• _DATASET EXTRACT_
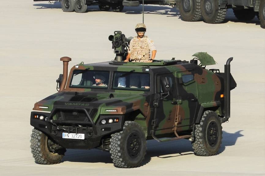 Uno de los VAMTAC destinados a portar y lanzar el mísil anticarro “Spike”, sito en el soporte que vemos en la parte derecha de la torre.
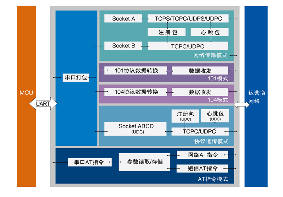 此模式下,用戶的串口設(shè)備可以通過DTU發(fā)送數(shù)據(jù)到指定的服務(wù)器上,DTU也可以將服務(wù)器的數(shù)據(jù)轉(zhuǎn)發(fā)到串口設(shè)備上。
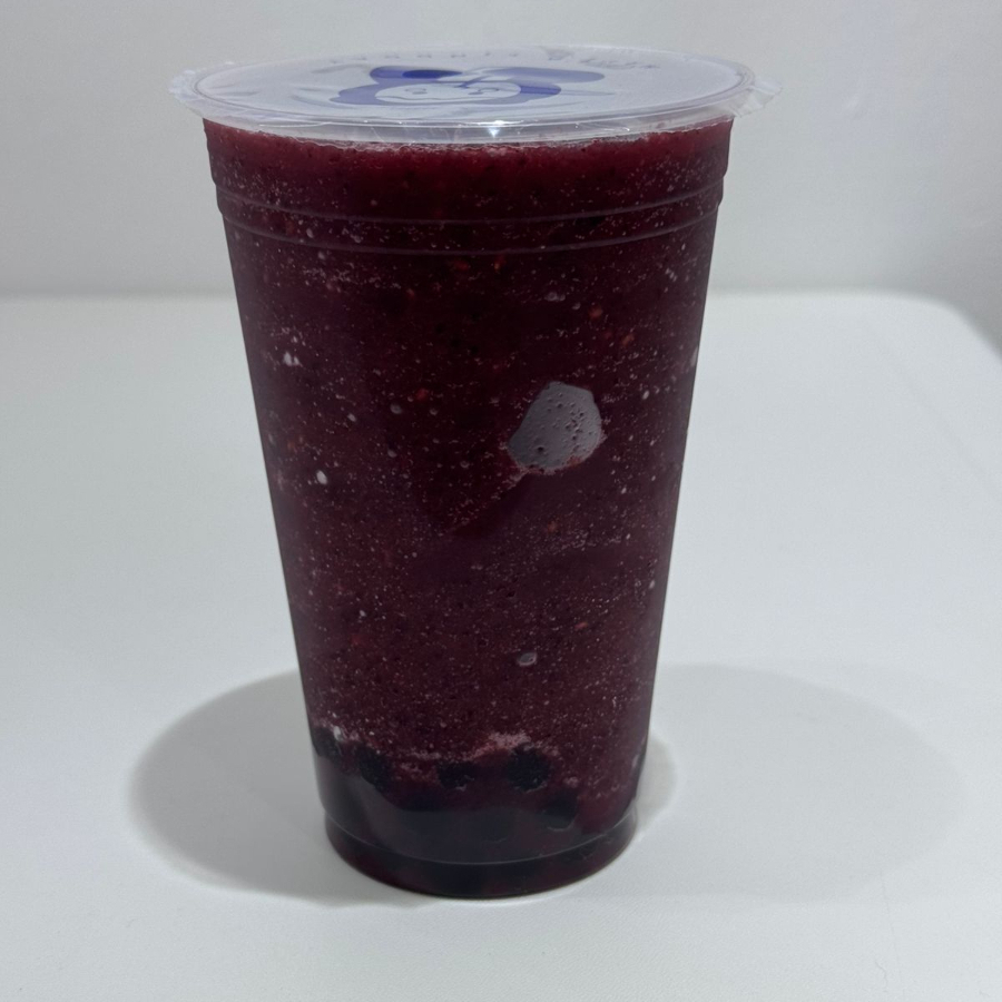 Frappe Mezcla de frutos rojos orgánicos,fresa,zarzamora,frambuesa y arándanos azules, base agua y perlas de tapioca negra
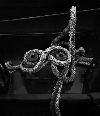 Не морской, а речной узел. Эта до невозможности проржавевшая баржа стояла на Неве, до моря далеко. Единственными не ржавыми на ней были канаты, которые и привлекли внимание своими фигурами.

• _WORK ORDER_
Once the pictures are set aside, output the whole listing exactly.

• _SOLVED EXERCISE_
 Uno de los VAMTAC destinados a portar y lanzar el mísil anticarro “Spike”, sito en el soporte que vemos en la parte derecha de la torre.
 此模式下,用戶的串口設(shè)備可以通過DTU發(fā)送數(shù)據(jù)到指定的服務(wù)器上,DTU也可以將服務(wù)器的數(shù)據(jù)轉(zhuǎn)發(fā)到串口設(shè)備上。
 Frappe Mezcla de frutos rojos orgánicos,fresa,zarzamora,frambuesa y arándanos azules, base agua y perlas de tapioca negra
 Не морской, а речной узел. Эта до невозможности проржавевшая баржа стояла на Неве, до моря далеко. Единственными не ржавыми на ней были канаты, которые и привлекли внимание своими фигурами.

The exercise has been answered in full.